Gutenberg

There are people who say that Kindle has no appeal for them – “nice toy but you know, a book is a book”. Then there are those who say that that was exactly their viewpoint until they tried and were amazed how good Kindle was. So I tried myself and I was amazed how good it was – but you know, a book is a book.

Relatedly, I’m mighty grateful to the Gutenberg project for providing us with all those out-of-copyright books downloadable in Kindle format, but sometimes it seems as if they were trying to prove that “a book is a book” cliché. I’m into a second one in which they treated the author’s footnotes by inserting them (in square brackets) into the text. So that for instance their Quentin Durward is time and again interrupted like this:

“Well, my young hot blood,” replied Maitre Pierre, “if you hold the Sanglier [Wild Boar] too unscrupulous, wherefore not follow the young Duke of Gueldres?”

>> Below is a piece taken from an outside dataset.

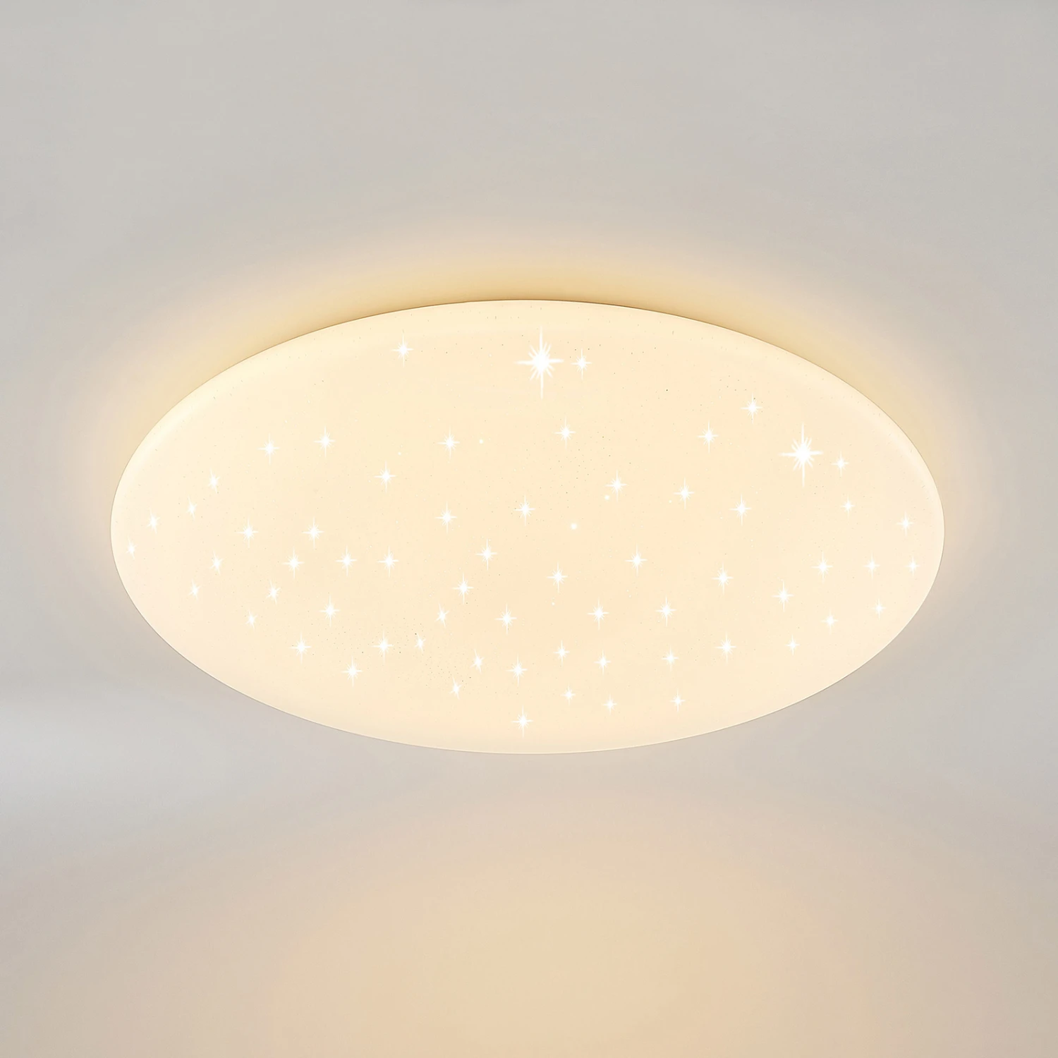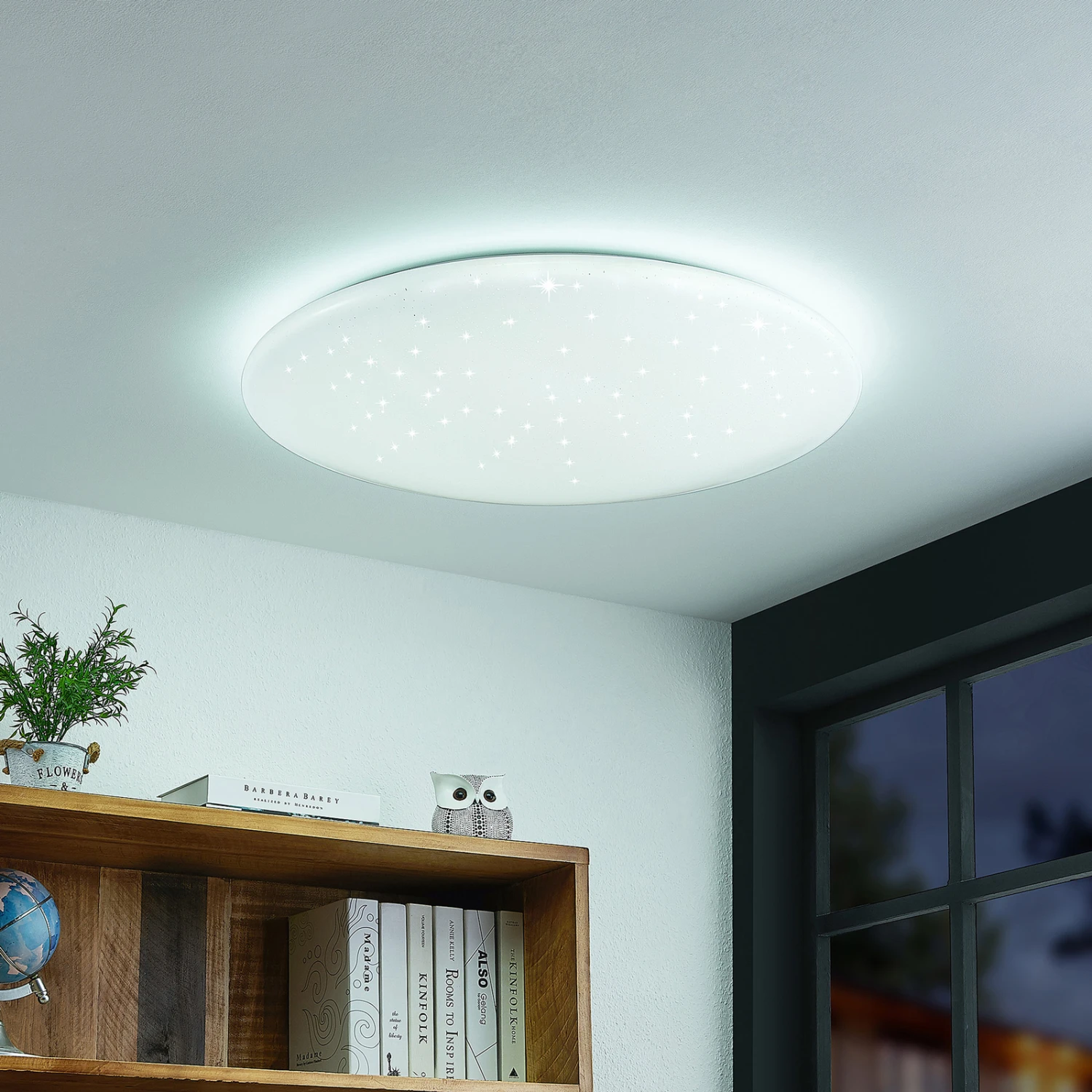 Die LED-Deckenlampe Wedja ist mit ihrem auffallenden Leuchtenschirm etwas ganz Besonderes und eignet sich als stilvoller Dekorationsgegenstand für den Innenbereich. Die Leuchte besteht aus Stahl und Kunststoff und ihr runder Leuchtenschirm erscheint in einem attraktiven Weiß, welches mit funkelnden Elementen versetzt ist. Die dahinter liegenden, festverbauten LEDs lassen sich mit Hilfe einer Fernbedienung hinsichtlich ihrer Lichtfarbe stufenlos steuern (3.000 K – 6.500 K). Das frische Aussehen der LED-Deckenleuchte Wedja zieht neugierige Blicke auf sich und setzt stimmige Akzente an Wohnungsdecken.
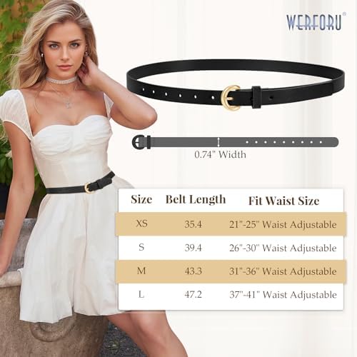 WERFORU 3 Pack Women Skinny Belt Thin Waist Belt for Women Leather Belt with Gold Buckle for Jeans Pants Dress 0.74″ Width

[Adolphus, son of Arnold and of Catherine de Bourbon…. He made war against his father; in which unnatural strife he made the old man prisoner, and used him with the most brutal violence, proceeding, it is said, even to the length of striking him with his hand. Arnold, in resentment of this usage, disinherited the unprincipled wretch, and sold to Charles of Burgundy whatever rights he had over the duchy of Gueldres and earldom of Zutphen…. S.]

“Follow the foul fiend as soon,” said Quentin. “Hark in your ear— he is a burden too heavy for earth to carry— hell gapes for him! Men say that he keeps his own father imprisoned, and that he has even struck him— can you believe it?”

I mean, if the author wanted those words in the main text rather than in a footnote, he might have written it like that in the first place. Neither is it a technical impossibility – I also have Gutenberg’s Catriona in which you see

“Na, na”, said I.  “Tamson’s mear {17} would never be the thing for me this day of all days.”

and clicking on the {17}, if so you wish, sends you to

{17}  Tamson’s mere – to go afoot.

at the end of the book where all these footnotes are stacked. So it does look like an inconspicuous attempt at sending us to the bookshop to buy the real thing instead.

Anyway, one more reason to stick to my habit of only using Kindle for quick search and for books I more or less read just to kill the time: the waiting-room stuff, so to say.